Anies Baswedan, a distinguished communicator, and Sandiaga Uno, a noted businessman, should form a strong leadership team as the new governor and deputy governor of Jakarta from next October. Anies’ communications skills are urgently needed to heal the racial and religious divisions that marred the gubernatorial election campaign over the past eight months. In fact, good communication is the key to leadership, and is needed to both inspire people and to connect them, through a keen understanding of their needs.
While healing these divisions should be the top priority of Anies-Sandiaga’s program, their next task, to improve the city’s public governance, is equally challenging and is needed to support and strengthen the role of Jakarta as the nation’s capital and the administrative capital of the ASEAN economic community.
Even though outgoing governor Basuki “Ahok” Tjahaja Purnama, has done a great job, the challenges facing Jakarta have grown in scale and complexity as a result of continued under-investment in public infrastructure and utilities. Lack of access to suitable sanitation, proper housing, transportation and clean air and water continues to plague the city.
Dealing with these challenges will require urban development to be combined with strategic spatial planning in order to integrate public sector functions and to address the interrelated issues of rapid urbanization, urban poverty, informality, slums and access to basic services.
Making the city more livable requires a balance between the imperatives of economic growth, social harmony and environmental protection, to ensure sustainable growth in the long run.
Since municipal budget resources are severely limited, private investment and businesses should be further invigorated to create jobs and generate increased tax revenue for public-sector financing. Hence, the role of Sandiaga, given his acumen, will be to prioritize the development of services and the creative industry, notably information technology-based businesses, as the city is no longer suitable for large-scale labor-intensive manufacturing.

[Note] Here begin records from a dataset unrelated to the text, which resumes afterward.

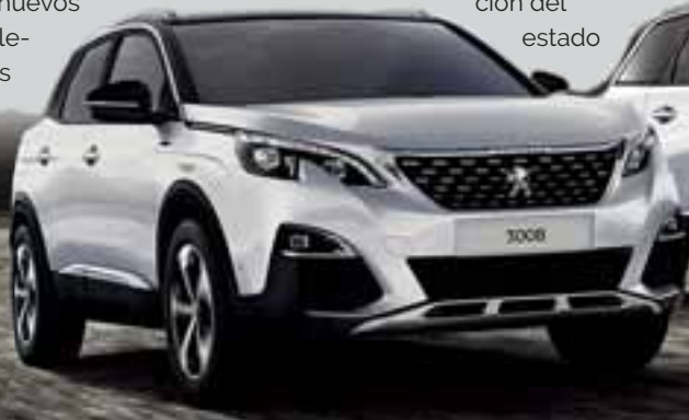
SUV PEUGEOT 3008
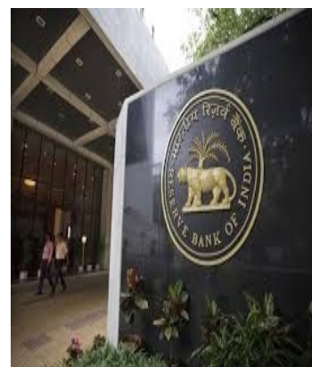
Αποθεματική Τράπεζα της Ινδίας

να συγχωνευτούν, προκειμένου να βελτιστοποιήσουν τη χρήση των πόρων τους. Σε αυτά τα πλαίσια η Αποθεματική Τράπεζα ζήτησε από τις τράπεζες την αναθεώρηση ορισμένων δανείων και την κατηγοριοποίησή τους σε δύο τρίμηνα (31 Δεκεμβρίου 2015 και 31 Μαρτίου 2016).
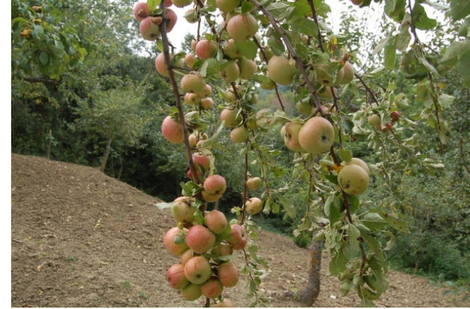
Agostinella (Orsara di Puglia)
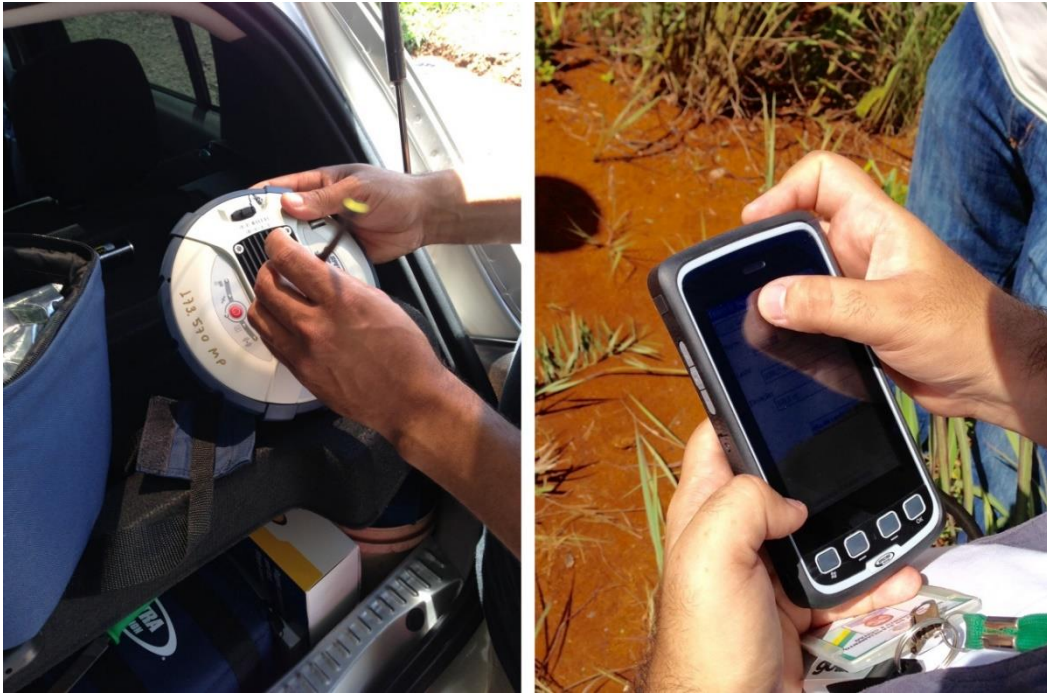
Figura 10: Montagem dos receptores e configuração da coletora.

Ao chegar ao primeiro ponto, o marco geodésico do IBGE – “SAT 91138” a equipe iniciou a montagem dos equipamentos (figura 10). Os receptores foram montados e a coletora configurada com as opções desejadas para a aquisição dos pontos.

The new municipal government should also pay added attention to the development of institutional and physical infrastructure in order to encourage more multinational companies to establish their regional, ASEAN, headquarters in Jakarta.
The new governor must also realize that managing Jakarta does not only mean concentrating on the 10 million people who live the city, but also taking into account the Greater Jakarta area (Jabodetabek), which houses a combined population of almost 30 million people. Millions of people from Jakarta’s surrounding areas come to the city for work, and other needs, daily, or as often as once a week or once a month.

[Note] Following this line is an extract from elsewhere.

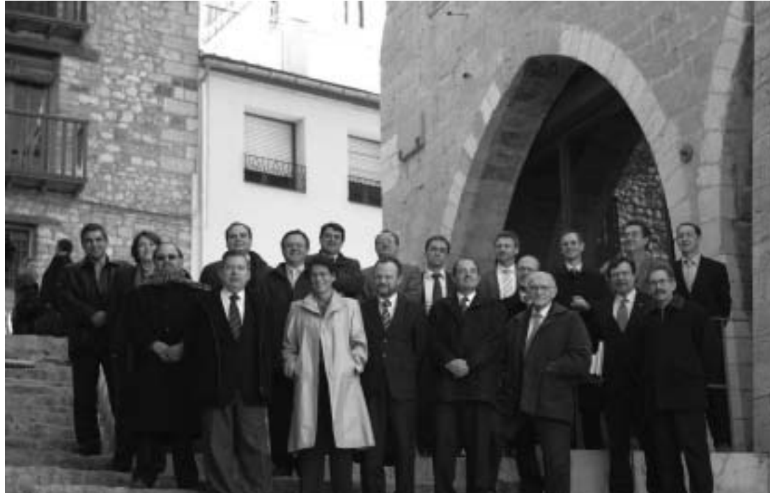
Els rectors de les universitats que conformen la Xarxa Joan Lluís Vives, la passada setmana a Morella.

Morella es va convertir durant un dia en la seu de les universitats de l'Institut perquè va ser allí on fa deu anys –el 28 d'octubre del 1994– es va signar la constitució de l'Institut. En l'acte van
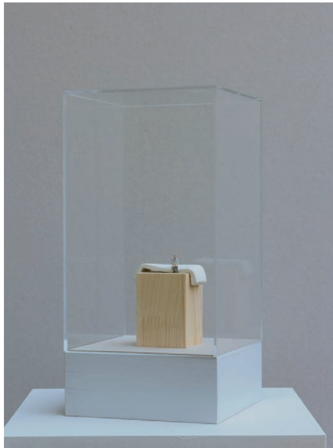
EINE BRÜCKE VON GEDANKE ZU GEDANKE 2013 Ausschnitt aus IST DENKEN FORM Projekt mit dem Team einer IT-Firma Vitrine mit Holzsockel, Gipsform und Modellfigur, Text

... und ich bin aufmerksam und offen für Unbekanntes.

Jakarta and Jabodetabek, though different administrative areas, cannot be separated where public interest is concerned, because people commute between the city boundaries every day. The local administrations may be different, but to the people concerned they are the same.
Jakarta is the gateway to, and the economic locomotive of Jabodetabek and beyond, Bekasi, Depok, Bogor and Tangerang should all enjoy the fruits of Jakarta’s development.